Direct real estate investments: comparison of real estate risk premiums
Following several years of market correction, selected European real estate markets are once again offering attractive investment opportunities. In most major cities, prime office yields have increased, resulting in real estate risk premiums (the difference between prime yields and ten-year government bond yields) that currently stand well above their ten-year averages. This indicates that investors are now being compensated above average for the risk assumed.
Figure 2
Higher risk premiums open up new entry opportunities
Locations such as Paris La Défense (+59 basis points), Amsterdam (+58 bps), Prague (+51 bps), Budapest (+51 bps), Milan (+43 bps) and Berlin (+40 bps) appear particularly attractive. In Bucharest, Munich, Vienna, Madrid, and Dublin, risk premiums are also significantly above their long-term averages. From a market pricing perspective, these locations currently offer favorable entry conditions for long-term investors.
Figure 3
By contrast, real estate risk premiums have declined sharply in London (−98 bps), Brussels (−53 bps), Oslo (−52 bps) and Paris (−51 bps). In these markets, return potential remains limited, as elevated capital values combined with compressed risk premiums continue to weigh on investment attractiveness.
Figure 4
Broad opportunities, but a selective approach remains essential
After several years shaped by the pandemic and the interest rate tightening cycle, many European cities once again offer attractive risk–return profiles. However, a sound assessment requires a comprehensive analysis that also incorporates underlying market fundamentals, medium-term market prospects, and the quality of the respective locations.
Prime office rents on an upward trajectory
Since 2020, prime office rents across European metropolitan markets have increased significantly, underscoring sustained demand for high-quality office space despite ongoing economic uncertainty. In major internationally oriented office markets, rental growth has continued even amid rising interest rates and higher financing costs.
Strongest prime rental growth in Munich, Paris and London
Prime rents have recorded the strongest growth in Munich (+42.1%), Paris (+33.3%), London – West End (+32.9%), Prague (+31.1%) and Amsterdam (+29.0%). Lisbon (+27.5%), Milan (+27.1%) and Brussels (+27.0%) have also seen pronounced increases in rents at their most sought-after locations. This pattern highlights the disproportionate growth of top-tier rents.
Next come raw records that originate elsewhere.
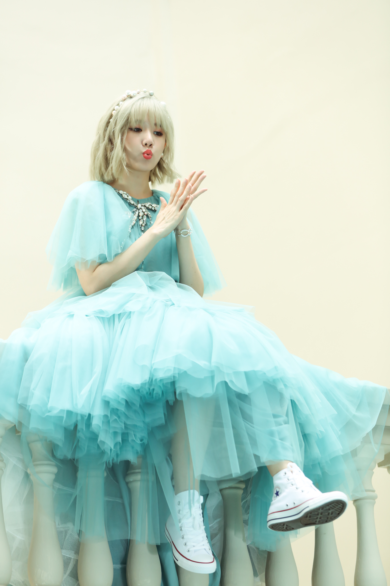 Thay vì lựa chọn kết hợp với giày cao gót, Hari quyết định chọn giày thể thao trắng đơn giản.
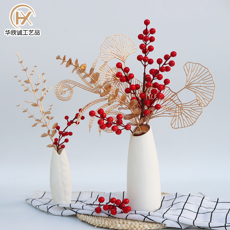 金色の造花、新年飾り、福桶飾り、年越し花、金箔のフラワーアレンジメント、赤い果実、春節の赤い果実、クリスマス
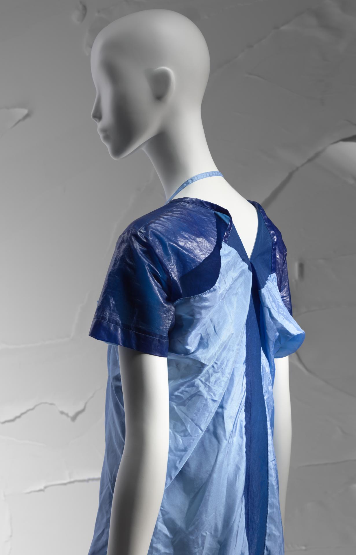 a) 135.0 cm (centre back), 53.0 cm (sleeve length) (overdress); b) 119.5 cm (centre back), 42.5 cm (waist flat) (under dress)
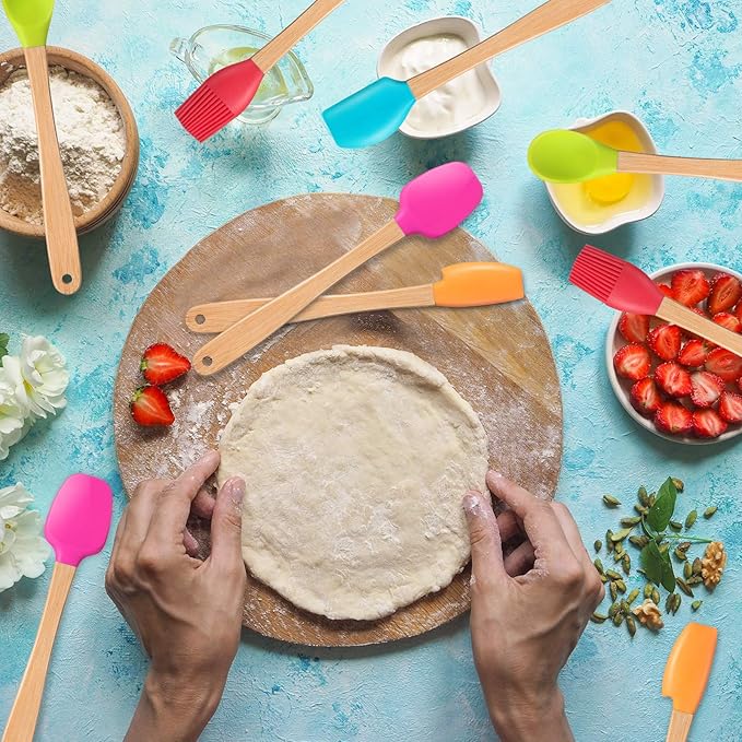Wood Handled Mini Spatula Mini Silicone Baking Spatulas Set Silicone Brush with Wooden Handles, Spoon, Spatula for Kitchen Cooking Mixing (5)
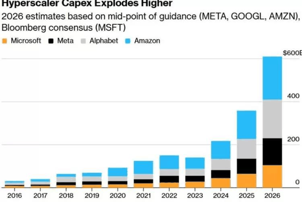 根据机构预期,亚马逊(AMZN.US)连同谷歌(GOOG.US)母公司Alphabet、Meta (META.US),以及微软(MSFT.US),预计将在2026年的累计人工智能相关资本支出达到大约6500亿美元,还有一些分析师认为整体支出可能超过7000亿美元——意味着同比AI资本开支增幅可能超过70%。
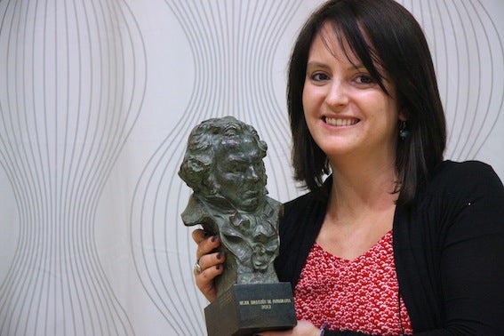 Ella es Jara Ruiz-Anchía, y aunque nació en California lleva tres años viviendo en Úbeda, donde actualmente trabaja como profesora de inglés en el centro Golden Poppy de la calle Aguilar Catena. Ella es una de las dos socias que montaron el pasado año esta academia basada en el aprendizaje mediante la conversación. Y claro, han sido muchos los alumnos que le han pedido poder ver el Goya de cerca, e incluso fotografiarse con él. Curiosamente, en casi todos los casos han coincidido en señalar que el busto no pesa tanto como parece.
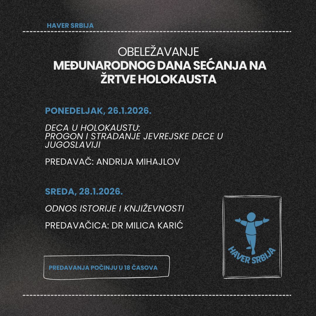 Povodom Međunarodnog dana sećanja na žrtve Holokausta, koji se obeležava 27. januara, udrženje Haver Srbija organizuje dva predavanja. Pozivamo Vas da nam se pridružite u ponedeljak, 26. januara i u sredu, 28. januara od 18 časova da kroz zajedničko učenje obeležimo ovaj datum.
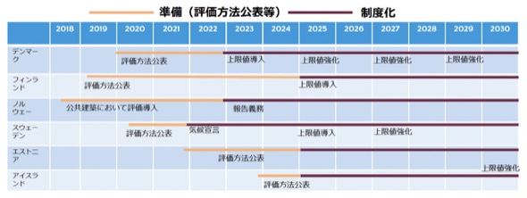 また、建築分野ではライフサイクルCO2排出量をホールライフカーボンと呼び、すでに複数の国や地域において、建築物のホールライフカーボンの算定報告の義務化や上限値規制が開始されている。
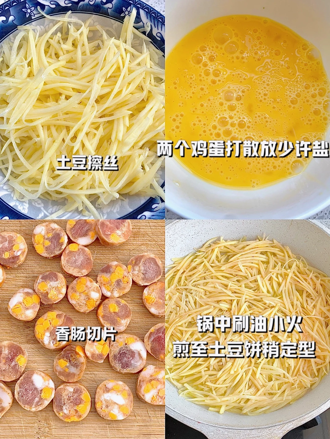 1、土豆擦丝,碗中打入两个鸡蛋放少许盐,香肠切片
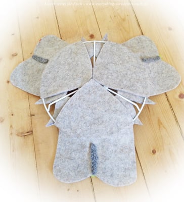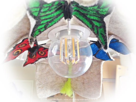 Zuerst habe ich natürlich Freihand meine Idee auf den Filz gezeichnet, danach mit dem Rollschneider ausgeschnitten und auf die Lampenhalterung mit Hilfe der Heißklebepistole angebracht. Die Farbe (Acryl) habe ich erst zuletzt auf den Filz aufgetragen, sowie auch die Wolle.
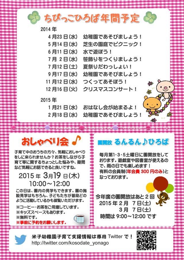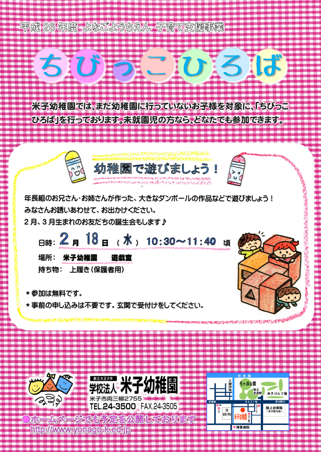 米子幼稚園では、まだ幼稚園に行っていないお子様を対象に、「ちびっこひろば」を行っております。未就園児の方なら、どなたでも参加できます。
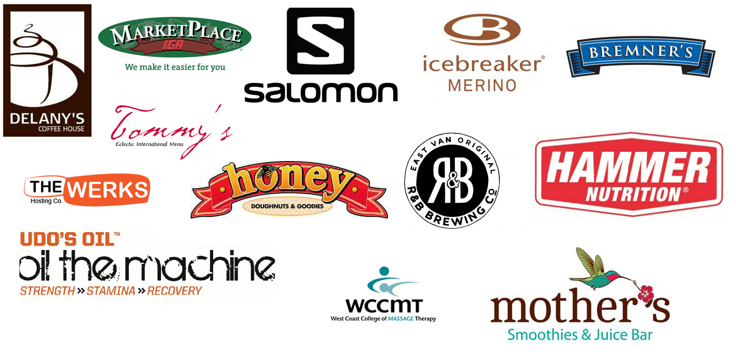 We have fantastic sponsors! A big thank you to Salomon, Icebreaker, Marketplace IGA, Hammer Nutrition, Tommy’s Catering, Bremner’s Foods, R&B Brewing Co., Udo’s Oil, West Coast College of Massage Therapy, The Werks Hosting Co., Honey Doughnuts and Goodies, Delany’s Coffee…
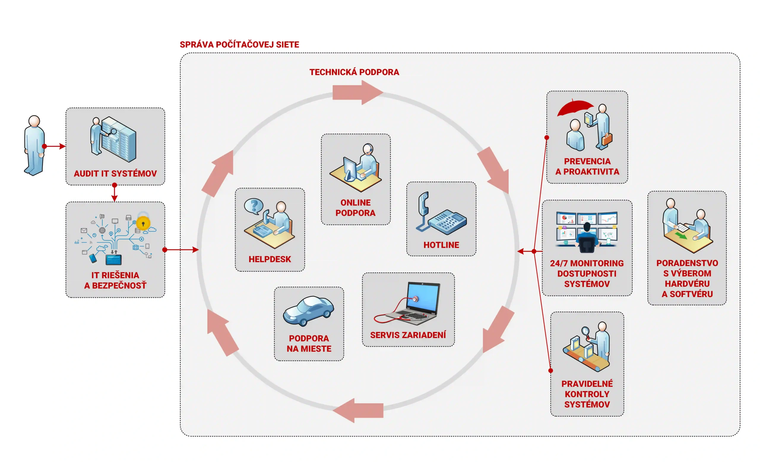 Či už ste malá firma s veľkými cieľmi alebo veľká firma, ktorá chce ešte viac napredovať, sme tu pre Vás nielen s našimi službami pri správe siete, ale aj s profesionálnymi komplexnými riešeniami na mieru, ktoré Vám pomôžu zvýšiť efektivitu a bezpečnosť Vášho IT.

Rental growth has been more moderate in cities such as Oslo (+12.6%), Berlin (+18.4%), Zurich (+16.7%) and Geneva (+11.7%). In Dublin, prime rents have remained broadly stable (+0.4%), reflecting a temporary softening in demand and a more ample supply of office space.
Figure 5
Growing polarization in European office markets
Overall, the gap between Europe’s most expensive and more affordable office markets has continued to widen. The fact that rental growth has been strongest in markets where rents were already high points to increasing polarization across European office markets − between highly resilient core locations and secondary markets that are more exposed to structural change.